Extract only the lines running from the top of the entries to the line that holds "Creolen / Ohrringe". Include that line and omit the pictures.

### Supplied material ###

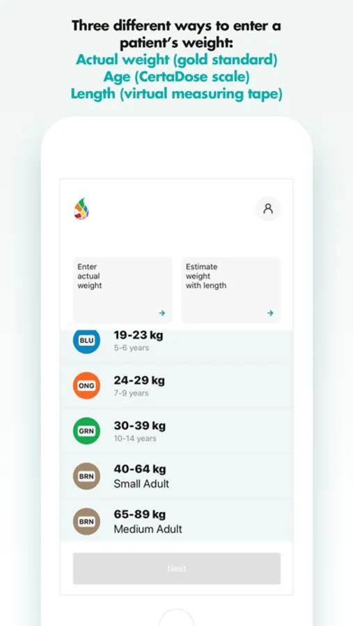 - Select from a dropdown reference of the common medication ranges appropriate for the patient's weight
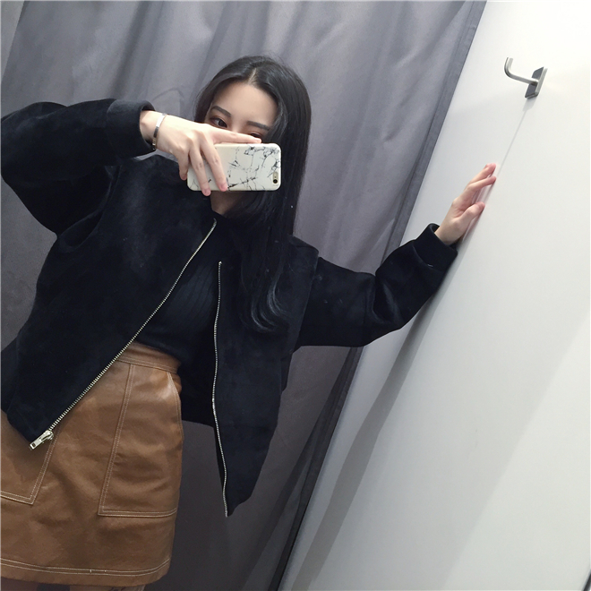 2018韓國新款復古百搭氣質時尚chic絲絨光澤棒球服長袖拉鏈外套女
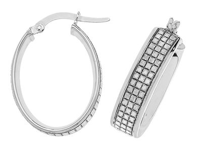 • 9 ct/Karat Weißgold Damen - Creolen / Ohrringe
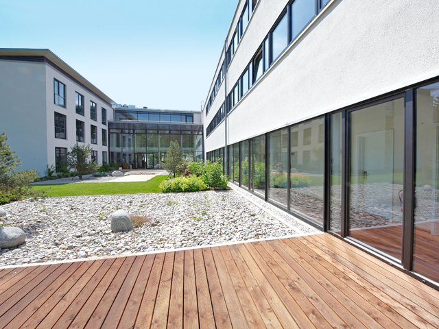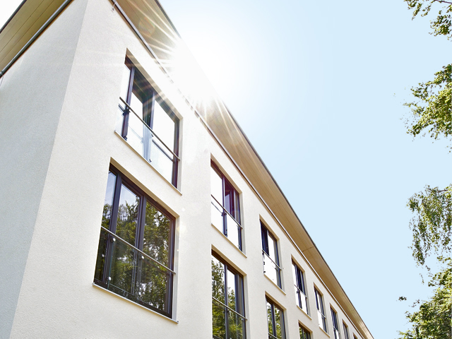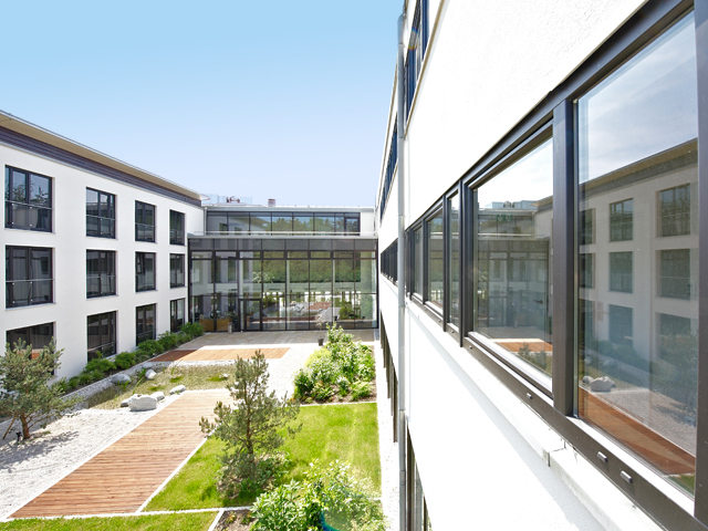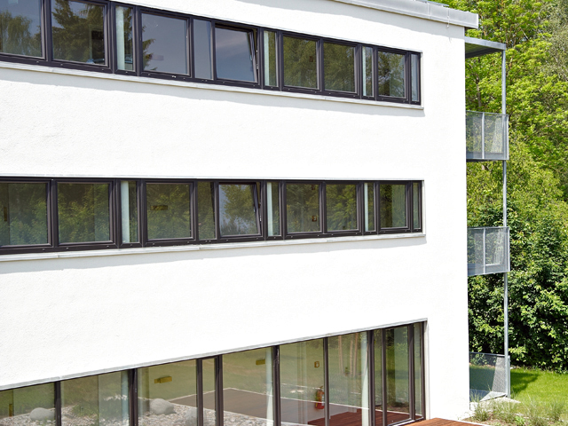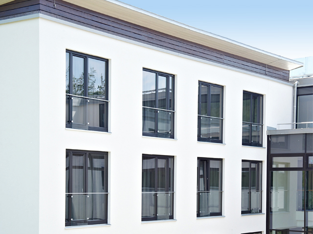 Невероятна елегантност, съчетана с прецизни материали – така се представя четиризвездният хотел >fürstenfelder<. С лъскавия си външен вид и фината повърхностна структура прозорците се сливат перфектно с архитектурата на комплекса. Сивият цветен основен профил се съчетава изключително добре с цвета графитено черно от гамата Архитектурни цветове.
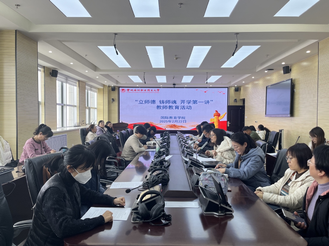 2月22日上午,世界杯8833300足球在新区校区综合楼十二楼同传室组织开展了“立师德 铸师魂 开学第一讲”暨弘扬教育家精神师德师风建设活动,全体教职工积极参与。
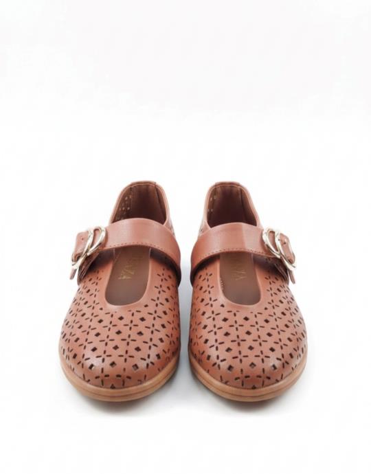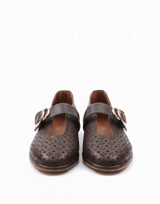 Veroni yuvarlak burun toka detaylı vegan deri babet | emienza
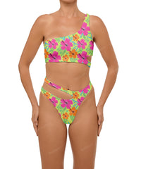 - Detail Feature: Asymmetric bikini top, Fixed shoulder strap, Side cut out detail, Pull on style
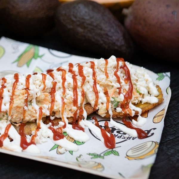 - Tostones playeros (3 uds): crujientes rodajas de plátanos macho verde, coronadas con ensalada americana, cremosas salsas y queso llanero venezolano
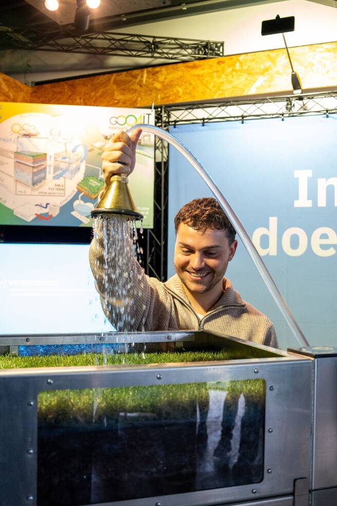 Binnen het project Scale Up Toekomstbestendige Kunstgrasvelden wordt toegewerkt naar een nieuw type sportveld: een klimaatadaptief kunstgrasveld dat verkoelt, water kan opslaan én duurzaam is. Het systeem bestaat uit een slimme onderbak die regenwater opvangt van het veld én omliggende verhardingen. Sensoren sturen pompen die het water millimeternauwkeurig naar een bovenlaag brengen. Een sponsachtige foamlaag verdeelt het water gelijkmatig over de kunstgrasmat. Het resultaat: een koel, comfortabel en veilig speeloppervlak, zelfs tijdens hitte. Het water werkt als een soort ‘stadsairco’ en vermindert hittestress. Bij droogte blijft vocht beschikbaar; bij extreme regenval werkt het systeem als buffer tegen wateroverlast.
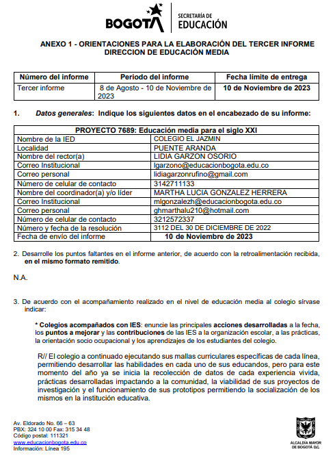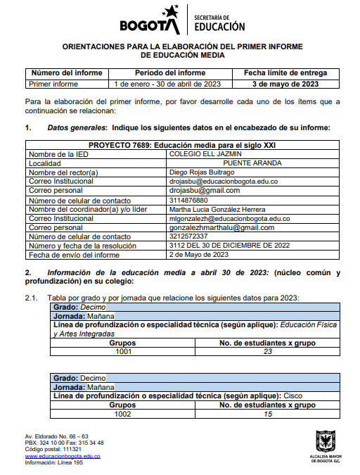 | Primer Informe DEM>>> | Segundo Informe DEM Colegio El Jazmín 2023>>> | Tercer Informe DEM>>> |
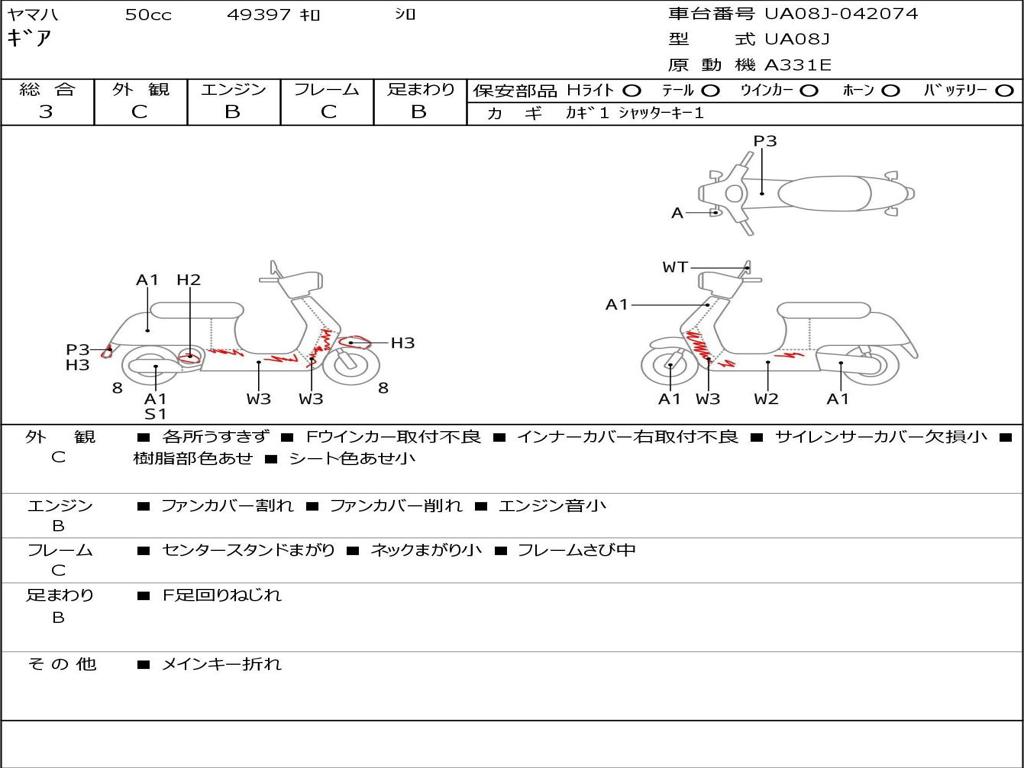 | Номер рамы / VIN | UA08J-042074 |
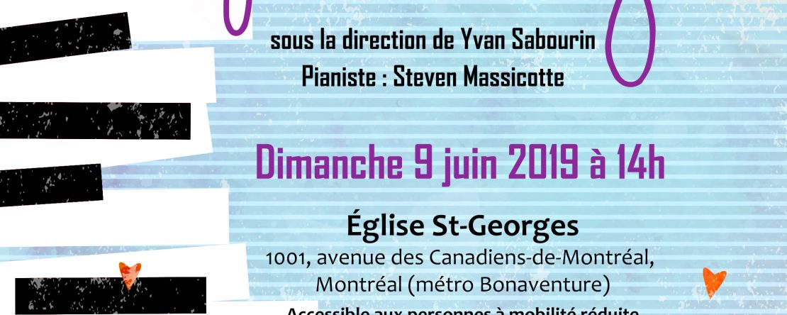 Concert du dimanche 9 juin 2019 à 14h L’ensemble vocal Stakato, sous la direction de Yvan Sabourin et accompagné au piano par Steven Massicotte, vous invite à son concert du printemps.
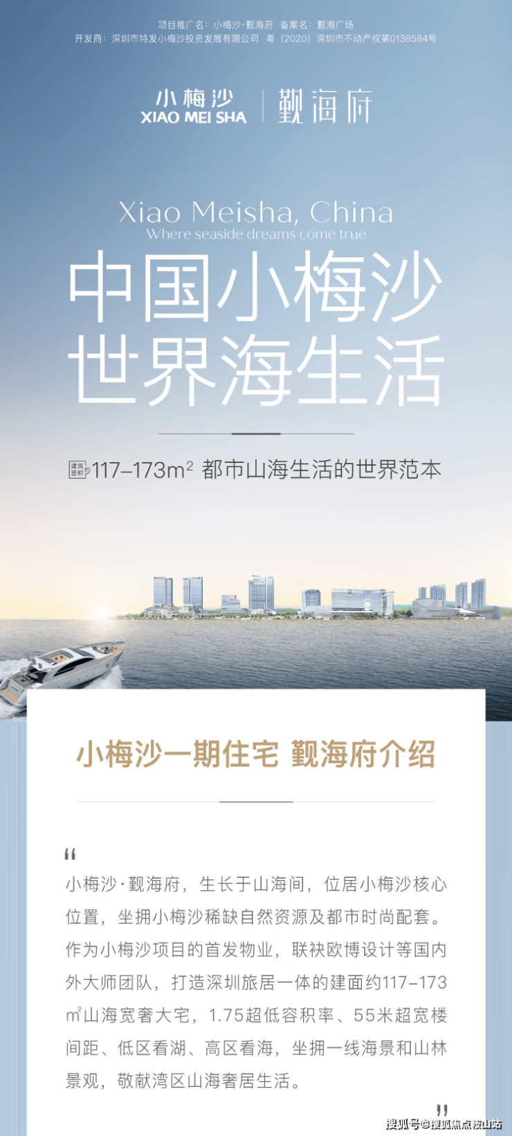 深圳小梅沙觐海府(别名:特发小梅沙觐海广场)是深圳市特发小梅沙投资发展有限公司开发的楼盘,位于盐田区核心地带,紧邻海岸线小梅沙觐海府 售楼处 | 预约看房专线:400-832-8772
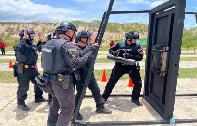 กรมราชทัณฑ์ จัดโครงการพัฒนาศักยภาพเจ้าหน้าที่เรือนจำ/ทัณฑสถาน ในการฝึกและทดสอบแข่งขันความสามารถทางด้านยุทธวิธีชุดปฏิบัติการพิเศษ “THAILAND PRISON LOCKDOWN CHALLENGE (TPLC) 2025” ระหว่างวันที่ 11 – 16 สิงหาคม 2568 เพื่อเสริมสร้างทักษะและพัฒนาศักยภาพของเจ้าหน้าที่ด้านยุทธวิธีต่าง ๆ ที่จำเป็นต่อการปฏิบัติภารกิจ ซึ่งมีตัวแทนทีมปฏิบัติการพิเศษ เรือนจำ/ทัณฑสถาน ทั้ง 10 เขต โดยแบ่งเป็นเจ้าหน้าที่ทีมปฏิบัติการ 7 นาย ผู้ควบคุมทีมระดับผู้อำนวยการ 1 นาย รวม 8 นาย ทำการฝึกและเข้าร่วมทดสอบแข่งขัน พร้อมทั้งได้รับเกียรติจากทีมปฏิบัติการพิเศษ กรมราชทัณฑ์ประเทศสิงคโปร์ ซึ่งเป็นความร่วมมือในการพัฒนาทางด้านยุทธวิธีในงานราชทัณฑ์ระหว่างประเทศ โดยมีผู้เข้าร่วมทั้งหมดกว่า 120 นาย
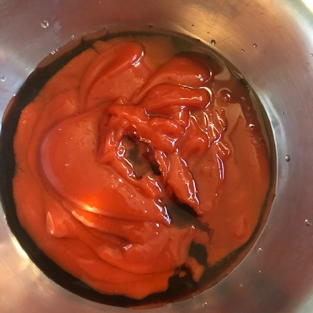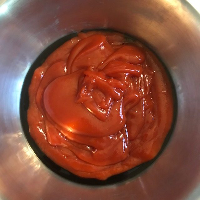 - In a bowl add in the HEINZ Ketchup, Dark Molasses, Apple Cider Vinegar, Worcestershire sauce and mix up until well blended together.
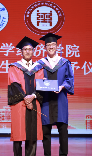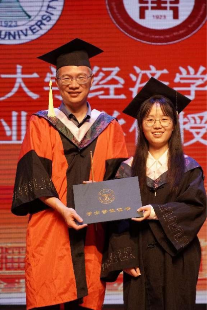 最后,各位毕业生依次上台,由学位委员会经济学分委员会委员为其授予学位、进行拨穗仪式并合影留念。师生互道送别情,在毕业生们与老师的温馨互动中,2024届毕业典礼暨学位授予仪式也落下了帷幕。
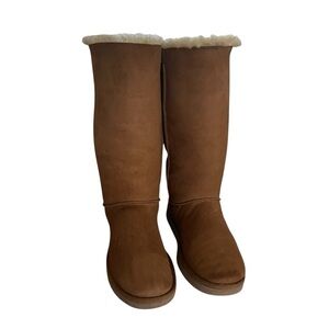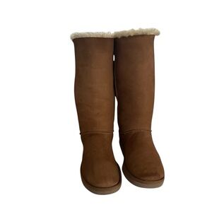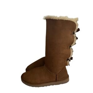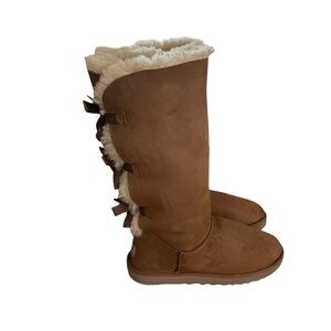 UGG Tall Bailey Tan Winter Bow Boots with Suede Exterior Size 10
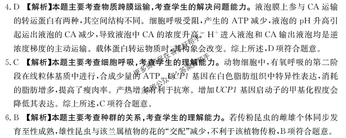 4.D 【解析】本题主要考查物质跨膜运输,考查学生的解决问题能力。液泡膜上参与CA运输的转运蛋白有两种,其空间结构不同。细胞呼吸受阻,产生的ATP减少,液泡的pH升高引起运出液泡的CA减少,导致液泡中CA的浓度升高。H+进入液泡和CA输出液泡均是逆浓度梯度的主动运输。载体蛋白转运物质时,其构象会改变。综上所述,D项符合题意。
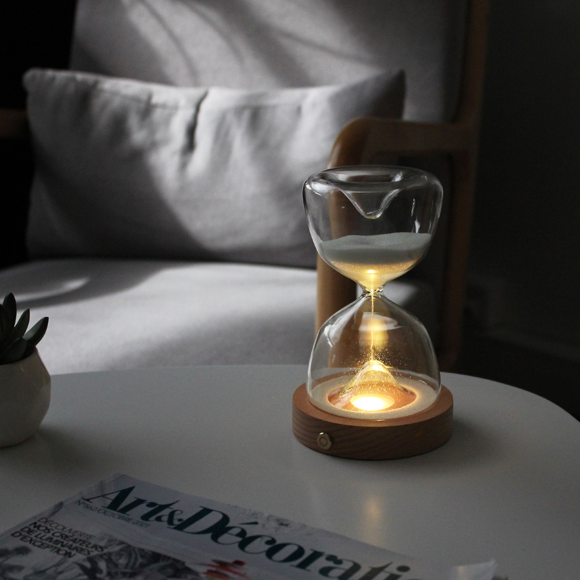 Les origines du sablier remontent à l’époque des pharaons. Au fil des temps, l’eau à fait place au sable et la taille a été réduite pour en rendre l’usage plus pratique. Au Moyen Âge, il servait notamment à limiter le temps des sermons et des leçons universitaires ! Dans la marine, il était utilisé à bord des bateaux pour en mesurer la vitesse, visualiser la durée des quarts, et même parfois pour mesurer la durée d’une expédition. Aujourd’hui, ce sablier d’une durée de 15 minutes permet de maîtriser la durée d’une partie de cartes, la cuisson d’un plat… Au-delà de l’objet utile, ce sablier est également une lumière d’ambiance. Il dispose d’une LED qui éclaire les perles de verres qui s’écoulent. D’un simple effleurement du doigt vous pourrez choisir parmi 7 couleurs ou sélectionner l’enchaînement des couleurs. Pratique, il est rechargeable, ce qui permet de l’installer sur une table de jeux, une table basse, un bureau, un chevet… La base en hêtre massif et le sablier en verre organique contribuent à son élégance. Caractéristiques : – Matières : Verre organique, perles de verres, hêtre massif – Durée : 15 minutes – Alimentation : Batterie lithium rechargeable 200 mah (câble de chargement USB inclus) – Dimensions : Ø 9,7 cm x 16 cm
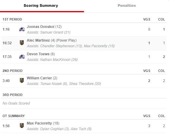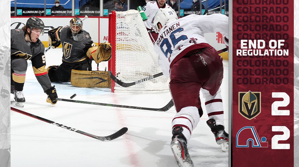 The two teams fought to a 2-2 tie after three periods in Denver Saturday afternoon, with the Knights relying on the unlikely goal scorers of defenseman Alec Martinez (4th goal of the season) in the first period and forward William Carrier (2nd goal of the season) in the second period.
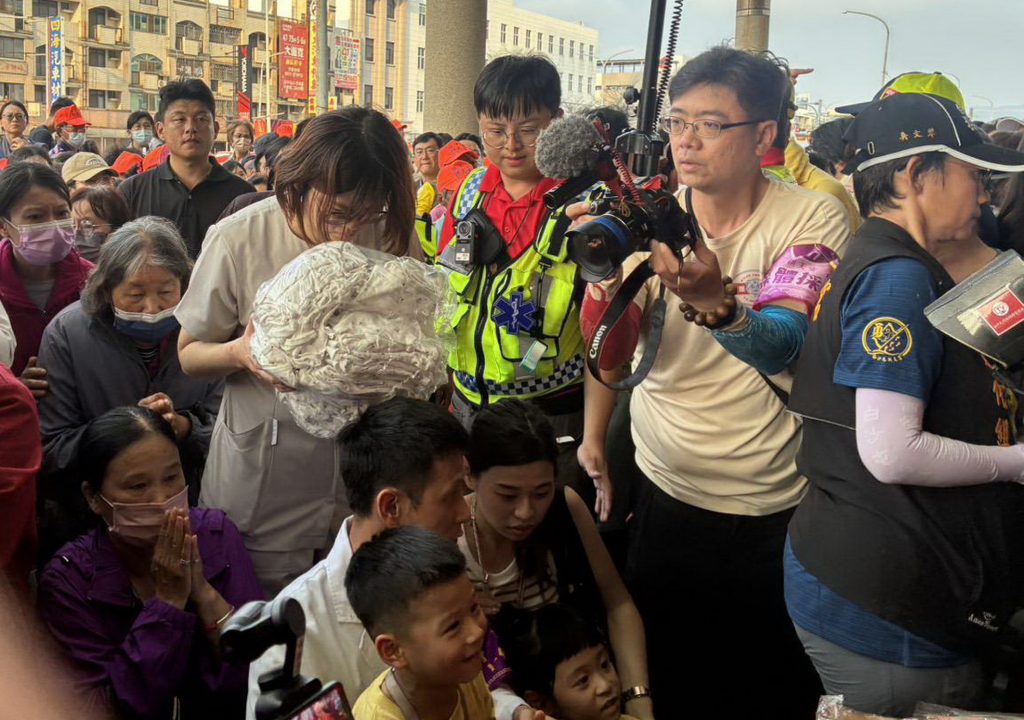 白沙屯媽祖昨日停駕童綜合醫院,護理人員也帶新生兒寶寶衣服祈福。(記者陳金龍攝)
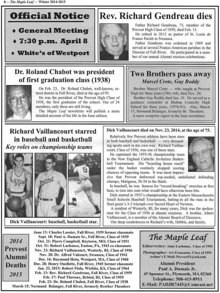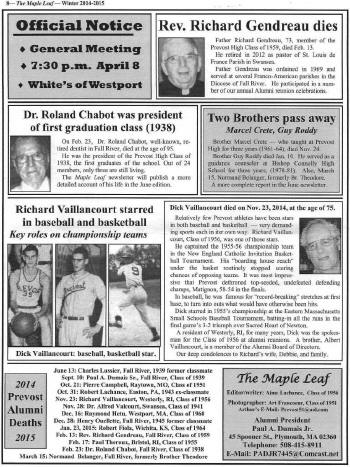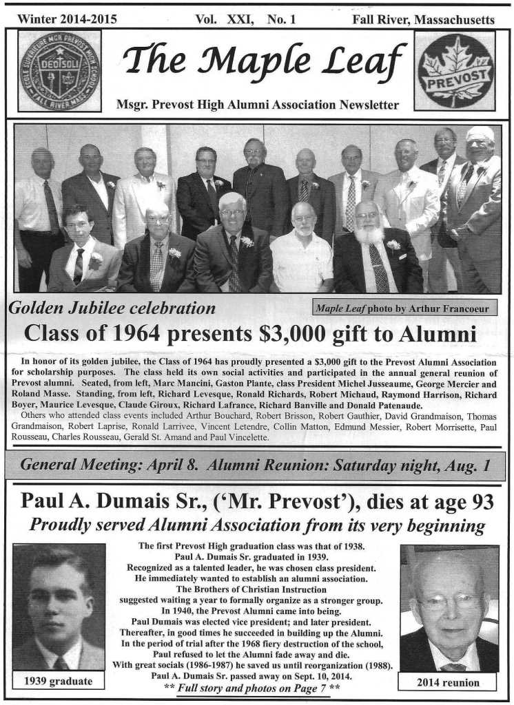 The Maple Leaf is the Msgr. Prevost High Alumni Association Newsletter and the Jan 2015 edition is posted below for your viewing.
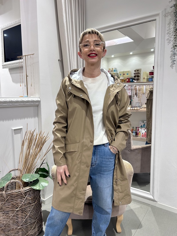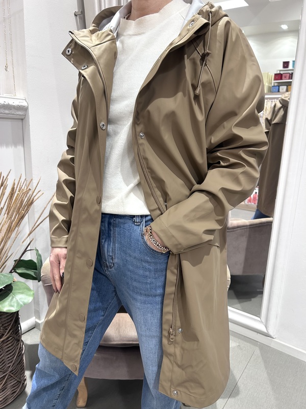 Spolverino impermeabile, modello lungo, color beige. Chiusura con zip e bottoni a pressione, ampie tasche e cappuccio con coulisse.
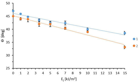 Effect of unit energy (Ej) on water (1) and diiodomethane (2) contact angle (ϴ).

###

- Task response:
 - Select from a dropdown reference of the common medication ranges appropriate for the patient's weight
 2018韓國新款復古百搭氣質時尚chic絲絨光澤棒球服長袖拉鏈外套女
 • 9 ct/Karat Weißgold Damen - Creolen / Ohrringe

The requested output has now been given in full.